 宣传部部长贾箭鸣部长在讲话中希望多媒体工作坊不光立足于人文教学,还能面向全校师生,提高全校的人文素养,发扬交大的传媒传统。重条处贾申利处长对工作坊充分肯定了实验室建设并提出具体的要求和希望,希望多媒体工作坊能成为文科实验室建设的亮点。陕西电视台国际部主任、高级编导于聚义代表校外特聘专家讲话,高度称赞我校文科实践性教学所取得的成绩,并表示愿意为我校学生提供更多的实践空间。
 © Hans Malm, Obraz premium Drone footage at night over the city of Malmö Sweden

_ _ _ _ _ _ _

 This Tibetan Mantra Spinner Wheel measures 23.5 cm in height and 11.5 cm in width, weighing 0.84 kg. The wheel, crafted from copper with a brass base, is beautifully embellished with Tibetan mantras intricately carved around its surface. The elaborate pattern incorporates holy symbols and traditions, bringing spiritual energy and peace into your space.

_ _ _ _ _ _ _

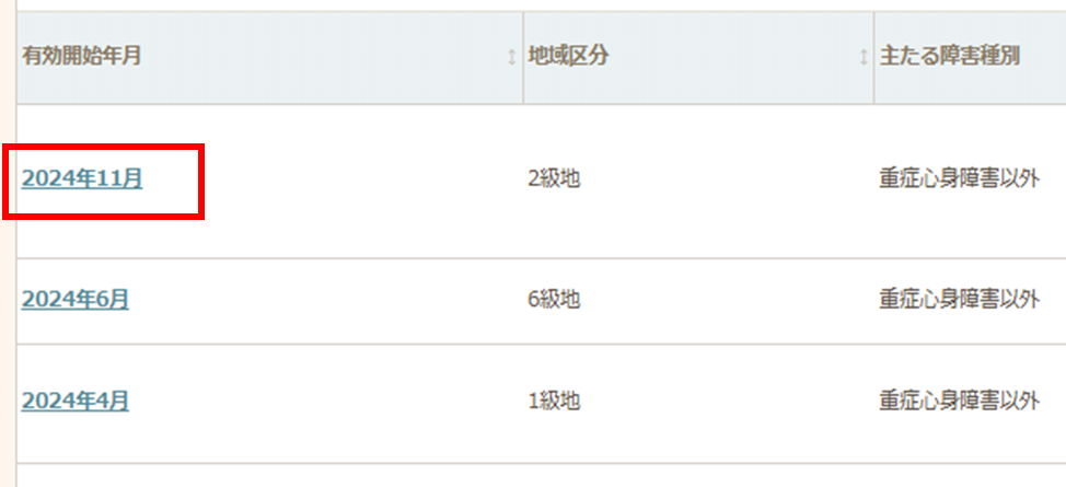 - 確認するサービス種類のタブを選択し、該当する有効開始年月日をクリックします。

_ _ _ _ _ _ _

Exercise details —
Each line above from the one with "宣传部部长贾箭鸣部长在讲话中" up to and including the one with "of Malmö Sweden" must be set down exactly, and no line outside that span may appear.

Solution for this exercise —
 宣传部部长贾箭鸣部长在讲话中希望多媒体工作坊不光立足于人文教学,还能面向全校师生,提高全校的人文素养,发扬交大的传媒传统。重条处贾申利处长对工作坊充分肯定了实验室建设并提出具体的要求和希望,希望多媒体工作坊能成为文科实验室建设的亮点。陕西电视台国际部主任、高级编导于聚义代表校外特聘专家讲话,高度称赞我校文科实践性教学所取得的成绩,并表示愿意为我校学生提供更多的实践空间。
 © Hans Malm, Obraz premium Drone footage at night over the city of Malmö Sweden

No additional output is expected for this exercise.